◆ Dataset content
------------------------------------------------------------------------
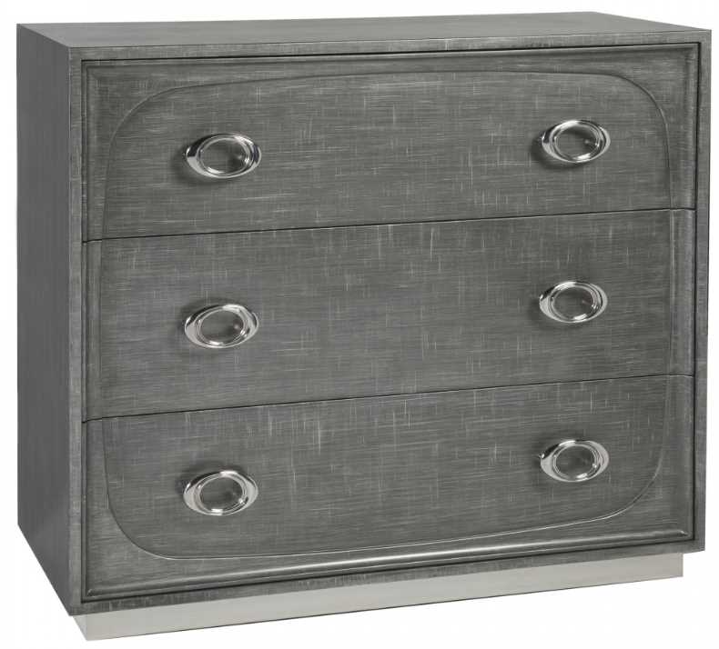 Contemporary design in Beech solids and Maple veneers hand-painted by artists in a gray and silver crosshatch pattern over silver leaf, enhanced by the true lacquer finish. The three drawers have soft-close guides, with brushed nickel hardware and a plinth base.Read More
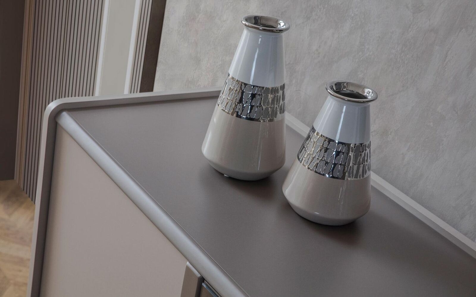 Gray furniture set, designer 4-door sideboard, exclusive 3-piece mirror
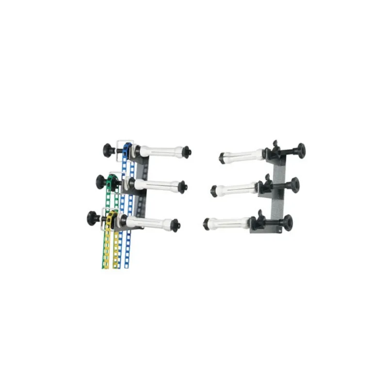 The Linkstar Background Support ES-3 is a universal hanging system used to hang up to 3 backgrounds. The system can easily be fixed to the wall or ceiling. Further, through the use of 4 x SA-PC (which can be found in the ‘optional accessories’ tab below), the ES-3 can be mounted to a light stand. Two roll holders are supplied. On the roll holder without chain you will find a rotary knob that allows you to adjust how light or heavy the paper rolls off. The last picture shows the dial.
------------------------------------------------------------------------
◆ Problem
Pictures are to be dropped, and the lines from the line with "Gray furniture set, designer" through the end of the material above are to be reproduced exactly.

◆ Answer space
 Gray furniture set, designer 4-door sideboard, exclusive 3-piece mirror
 The Linkstar Background Support ES-3 is a universal hanging system used to hang up to 3 backgrounds. The system can easily be fixed to the wall or ceiling. Further, through the use of 4 x SA-PC (which can be found in the ‘optional accessories’ tab below), the ES-3 can be mounted to a light stand. Two roll holders are supplied. On the roll holder without chain you will find a rotary knob that allows you to adjust how light or heavy the paper rolls off. The last picture shows the dial.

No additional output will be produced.